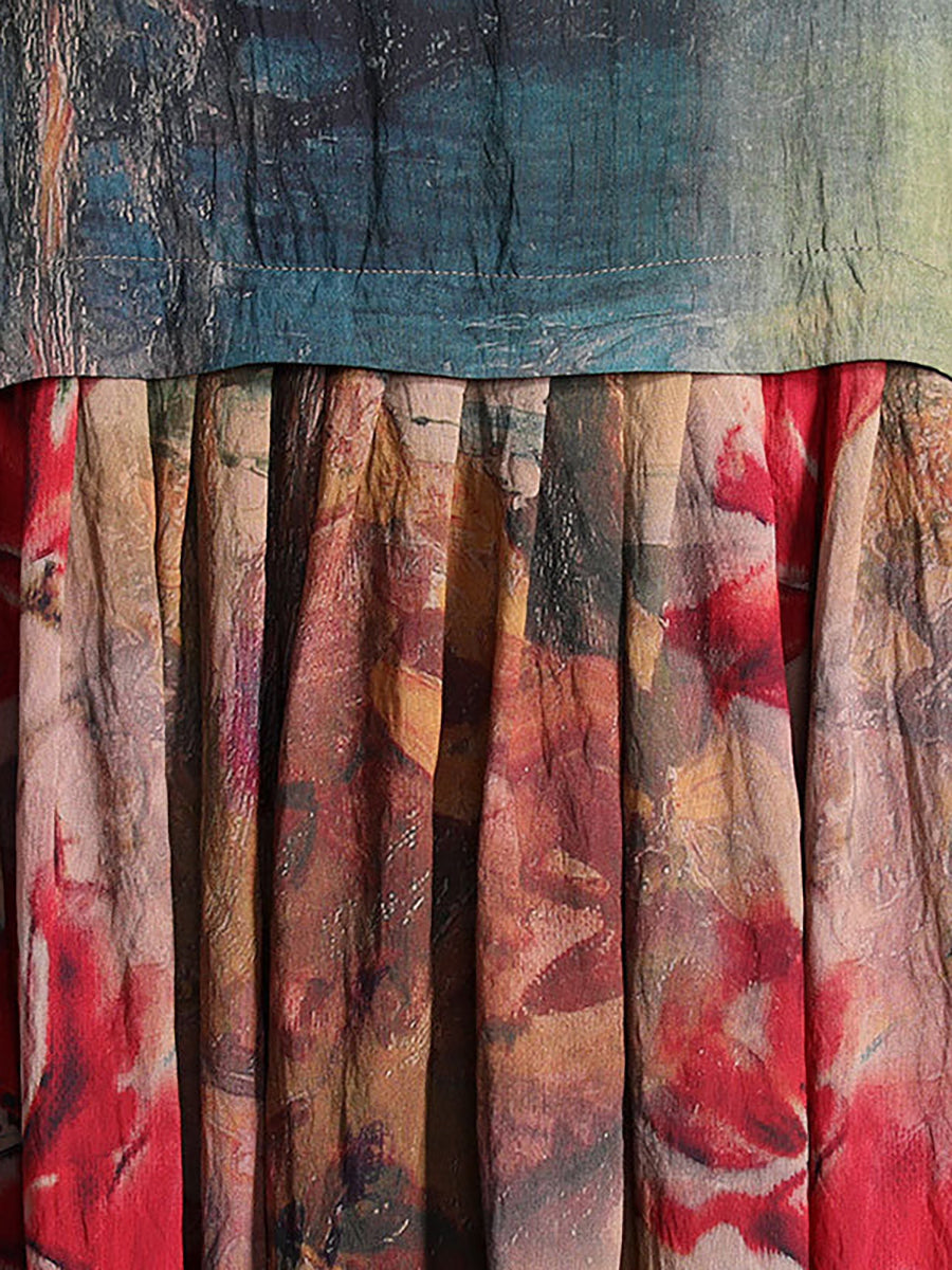 Plus Size Flower Printed Retro Split Hem Silk Dress
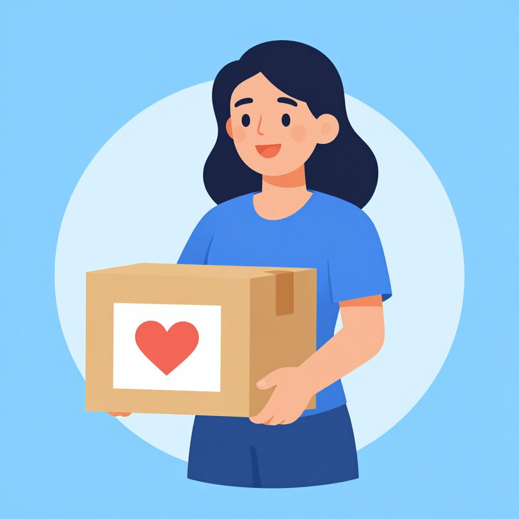 Cartoon-style illustration of a smiling woman with black hair, blue shirt, and dark blue pants, holding a cardboard box with a red heart sticker,
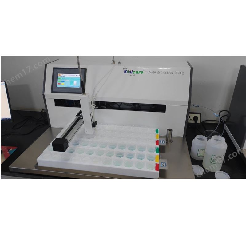 自动加液稀释器在土壤养分测定中,除了加液和稀释之外,还有需要加入两种溶液进行稀释,如土壤磷素的测定中,既需要将土壤浸提液用纯水稀释,又需要加入显色剂,为这了提高效率,该设备配备了四台集加液与稀释于一体的加液稀释器,包括土壤有效磷、钾、钙、镁测定、硫的测定、铵态氮测定、硝态氮测定中的稀释加液。它实际上是由一组加液器和一组稀释器集成在一个压杆上。

__REQUIREMENT__
Starting at the line that holds "Cartoon-style illustration of", retype every line through the end of the data, both ends included. Pictures stay out of the copy.

__ANSWER TO THE EXERCISE__
 Cartoon-style illustration of a smiling woman with black hair, blue shirt, and dark blue pants, holding a cardboard box with a red heart sticker,
 自动加液稀释器在土壤养分测定中,除了加液和稀释之外,还有需要加入两种溶液进行稀释,如土壤磷素的测定中,既需要将土壤浸提液用纯水稀释,又需要加入显色剂,为这了提高效率,该设备配备了四台集加液与稀释于一体的加液稀释器,包括土壤有效磷、钾、钙、镁测定、硫的测定、铵态氮测定、硝态氮测定中的稀释加液。它实际上是由一组加液器和一组稀释器集成在一个压杆上。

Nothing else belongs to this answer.